**Exercise instructions:** The answer must be an exact copy of the lines from the one with "为进一步拓宽旅游管理专业学生" through the final line below, with no pictures and nothing else.

═══ Data excerpt ═══

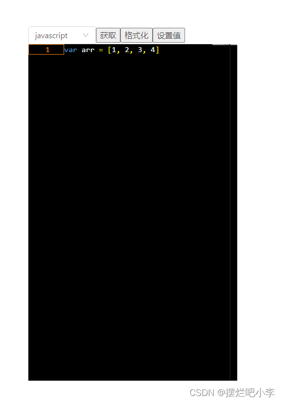 vue3使用monaco-editor组件 / 行号 取值: "on" | "off" | "relative" | "interval" | function。// 辅助功能支持 "auto" | "off" | "on"// 是否一直显示折叠 always | mouseover。// 折叠方式 auto | indentation。// 使用 - 创建 monacoEditor 对象。//是否只读 取值 true | false。// 行号最小字符 number。// 滚动完最后一行后再滚动一屏幕。//获取编辑器中的文本。
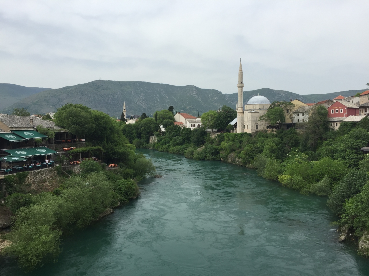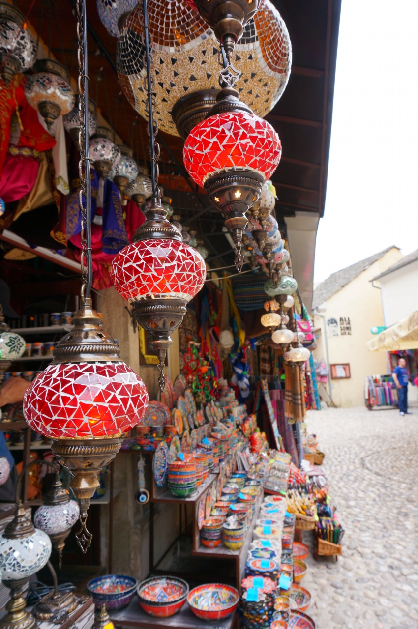 モスタルの街中を流れるネレトヴァ川にかかっているスターリモスト橋を中心としたエリアです。このあたりはお土産屋さんなどが多くて、観光客の姿も多く活気がありました。徒歩でのんびり街歩きが楽しめるコンパクトさでした。
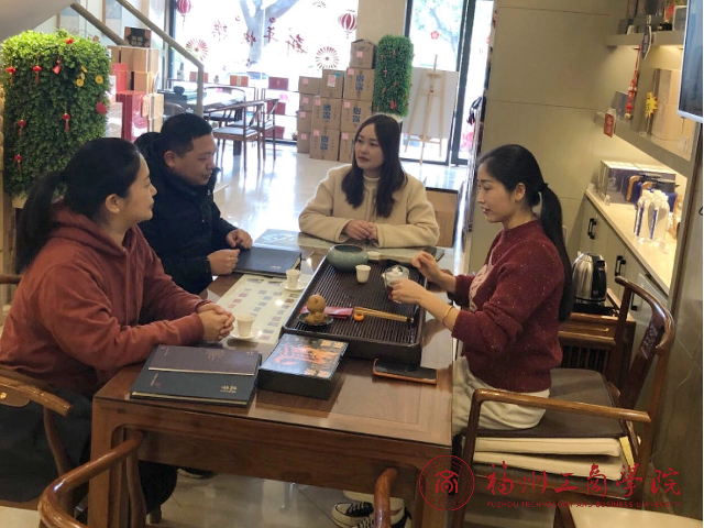 为进一步拓宽旅游管理专业学生的就业渠道,3月2日下午,金年会jinnianhuicom旅游管理专业教研室主任洪启颖、专业教师邵敏受邀前往武夷瑞芳茶企进行实地考察和交流。武夷瑞芳福州分公司总经理孙小雅、人力资源部经理张璐热情接待,双方展开了深入的“访企拓岗促就业”座谈。
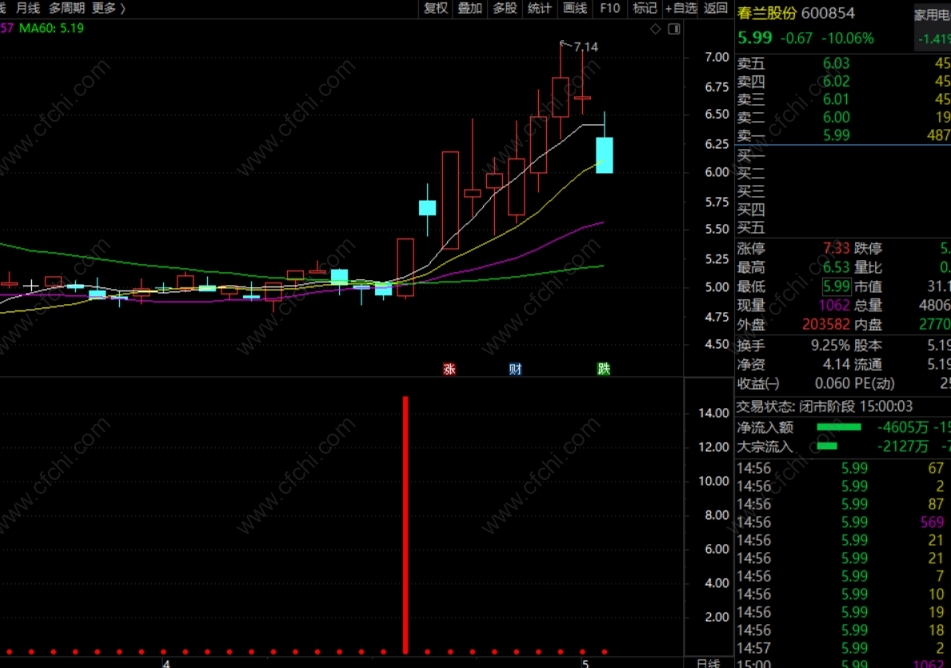 财富池指标公式网(www.cfchi.com)提醒您:指标公式是通过数学逻辑角度编写而来,仅是股票分析环节中的一个辅助工具,对股票选股效率和分析便捷上起到一定的作用,股市是具有不确定性和不可预测性的,请正常对待和使用指标公式!

═══

**Written solution:**
 为进一步拓宽旅游管理专业学生的就业渠道,3月2日下午,金年会jinnianhuicom旅游管理专业教研室主任洪启颖、专业教师邵敏受邀前往武夷瑞芳茶企进行实地考察和交流。武夷瑞芳福州分公司总经理孙小雅、人力资源部经理张璐热情接待,双方展开了深入的“访企拓岗促就业”座谈。
 财富池指标公式网(www.cfchi.com)提醒您:指标公式是通过数学逻辑角度编写而来,仅是股票分析环节中的一个辅助工具,对股票选股效率和分析便捷上起到一定的作用,股市是具有不确定性和不可预测性的,请正常对待和使用指标公式!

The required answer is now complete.